About Ehud Barak 10th Prime Minister of Israel

Ehud Barak,

10th Prime Minister of Israel

Ehud Barak (Hebrew:About this sound אהוד ברק (help·info), born Ehud Brog on 12 February 1942) is an Israeli politician who served as Prime Minister from 1999 until 2001. He is currently leader of the Labor Party and holds the posts of Minister of Defense and Deputy Prime Minister in Binyamin Netanyahu's government.

Prior to his political career he served as an officer in the Israel Defense Forces. Following a highly decorated career he was appointed Chief of General Staff in 1991, serving until 1995.

Personal life

Barak was born on 12 February 1942 in kibbutz Mishmar HaSharon in Palestine (Eretz Yisroel), the eldest of four sons of Esther (née Godin) and Yisrael Brog. His paternal grandparents, Frieda and Reuven Brog, were murdered in Pušalotas (Pushelat) in the northern Lithuania (then ruled by Russian Empire) in 1912, leaving his father orphaned at the age of two. Barak's maternal grandparents, Elka and Shmuel Godin, died at the Treblinka extermination camp during the Holocaust.

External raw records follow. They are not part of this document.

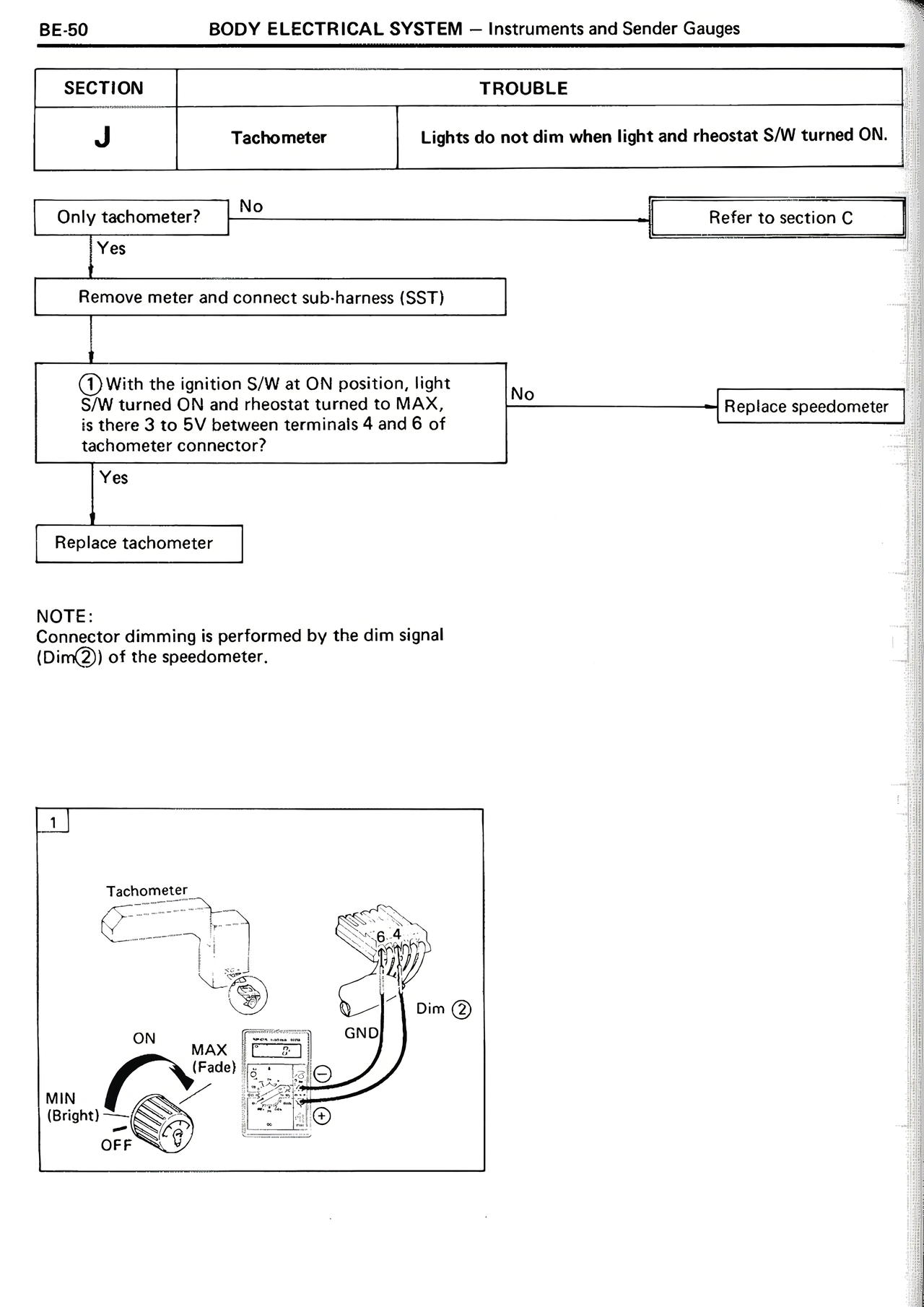 J | Tachometer | Lights do not dim when light and rheostat S/W turned ON.
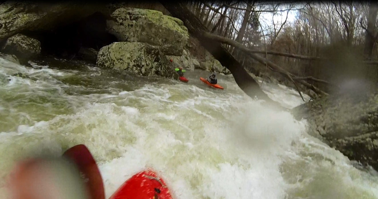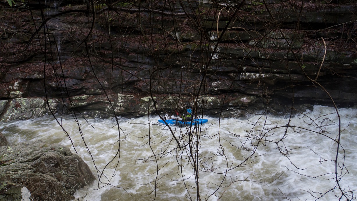 Fishbowl (V to V+). At our flow, this rapid looked horrible. The hole was just huge. And to make matters worse the left line was blocked by a tree. Basically, just down plug down the middle. Right had the most outflow. Most of us seal launched in on the right around the rapid.
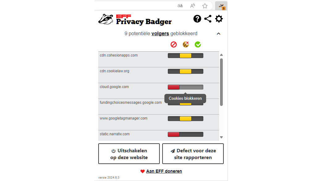 Wanneer je een site bezoekt, geeft Privacy Badger standaard het aantal gedetecteerde en geblokkeerde trackers aan via een teller in de knop. Klik hierop om te weten welke sites achter deze trackers zitten. Ook van hieruit kun je deze instellen op rood, geel of groen.

Ehud hebraized his family name from "Brog" to "Barak" in 1959, when he joined the IDF. It was during his military service that he met his future wife, Nava (née Cohen). They had three daughters together. Barak divorced Nava in August 2003. On 30 July 2007 Barak married Nili Priel in a small ceremony in his private residence.

Education

Barak earned his bachelor's degree in physics and mathematics from the Hebrew University of Jerusalem in 1968, and his master's degree in engineering-economic systems in 1978 from Stanford University in Palo Alto, California.

Military service

Barak joined the Israel Defense Forces (IDF) in 1959. He served in the IDF for 35 years, rising to the position of Chief of the General Staff and the rank of Rav Aluf, the highest in the Israeli military. During the Yom Kippur War, Barak commanded an improvised regiment of tanks which among other things, helped rescue paratrooper battalion 890 commanded by Yitzhak Mordechai who were suffering heavy losses in the Battle of the Chinese Farm.

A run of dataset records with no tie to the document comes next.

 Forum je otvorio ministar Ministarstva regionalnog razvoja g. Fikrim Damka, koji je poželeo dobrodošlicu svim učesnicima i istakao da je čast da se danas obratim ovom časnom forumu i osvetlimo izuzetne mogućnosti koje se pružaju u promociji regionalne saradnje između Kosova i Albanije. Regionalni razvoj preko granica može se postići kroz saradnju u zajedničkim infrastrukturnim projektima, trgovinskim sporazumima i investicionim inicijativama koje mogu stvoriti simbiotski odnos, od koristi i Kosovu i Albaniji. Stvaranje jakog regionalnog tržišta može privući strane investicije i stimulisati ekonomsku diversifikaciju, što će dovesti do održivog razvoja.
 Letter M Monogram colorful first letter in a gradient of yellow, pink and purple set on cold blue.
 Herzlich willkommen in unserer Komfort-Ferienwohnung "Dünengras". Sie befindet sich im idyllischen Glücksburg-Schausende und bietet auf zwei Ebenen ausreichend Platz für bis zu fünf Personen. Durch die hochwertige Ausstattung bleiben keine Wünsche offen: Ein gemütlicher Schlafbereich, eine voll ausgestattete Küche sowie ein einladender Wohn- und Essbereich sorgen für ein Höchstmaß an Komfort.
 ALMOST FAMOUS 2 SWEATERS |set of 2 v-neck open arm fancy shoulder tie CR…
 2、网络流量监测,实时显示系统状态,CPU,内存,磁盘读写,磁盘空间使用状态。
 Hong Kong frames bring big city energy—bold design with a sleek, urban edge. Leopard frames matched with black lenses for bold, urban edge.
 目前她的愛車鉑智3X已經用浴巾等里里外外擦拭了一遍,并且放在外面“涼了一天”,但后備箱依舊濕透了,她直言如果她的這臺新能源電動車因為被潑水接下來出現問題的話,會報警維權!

During his service as a commando in the elite Sayeret Matkal, Barak led several highly acclaimed operations, such as: "Operation Isotope", the rescue mission to free the hostages onboard Sabena Flight 571 at Lod Airport in 1972; the 1973 covert mission Operation Spring of Youth in Beirut, in which he was disguised as a woman in order to assassinate members of the Palestine Liberation Organization; Barak was also a key architect of the June 1976 Operation Entebbe, another rescue mission to free the hostages of the Air France aircraft hijacked by terrorists and forced to land at the Entebbe Airport in Uganda. These highly acclaimed operations, along with Operation Bayonet led to the dismantling of Palestinian terrorist cell Black September. It has been alluded that Barak also masterminded the Tunis Raid on April 16, 1988, in which PLO leader Abu Jihad was assassinated.

Later he served as head of Aman, the Military Intelligence Directorate (1983–1985), head of Central Command (1986–1987) and Deputy Chief of the General Staff (1987–1991). He served as the 14th Chief of the General Staff between 1 April 1991 and 1 January 1995. During this period he implemented the first Oslo Accords and participated in the negotiations towards the Israel-Jordan Treaty of Peace.

Barak was awarded the Medal of Distinguished Service and four Chief of Staff citations (Tzalash HaRamatkal) for courage and operational excellence. These five decorations make him the most decorated soldier in Israeli history (jointly with close friend Nechemiah Cohen). In 1992 he was also awarded the Legion of Merit (Commander) by the United States.

Barak is also an expert in krav maga, the official martial art of the Israeli Defense Forces.

Political career

On 7 July 1995 Barak was appointed Minister of Internal Affairs by Yitzhak Rabin. When Shimon Peres formed a new government following Rabin's assassination in November 1995, Barak was made Minister of Foreign Affairs (1995–1996). He was elected to the Knesset on the Labor Party list in 1996, and served as a member of the Knesset Foreign Affairs and Defense Committee. Following internal elections after Peres' defeat in the election for Prime Minister in 1996, Barak became the leader of the Labor Party.

[edit] Prime Minister of Israel

In the 1999 Prime Ministerial election, Barak beat Binyamin Netanyahu by a wide margin. However, he sparked controversy by deciding to form a coalition with the ultra-Orthodox party Shas, who had won an unprecedented 17 seats in the 120-seat Knesset. Shas grudgingly agreed to Barak's terms that they eject their leader Aryeh Deri, a convicted felon, and enact reform to "clean up" in-party corruption. Consequentially, the left wing Meretz party quit the coalition after they failed to agree on the powers to be given to a Shas deputy minister in the Ministry of Education.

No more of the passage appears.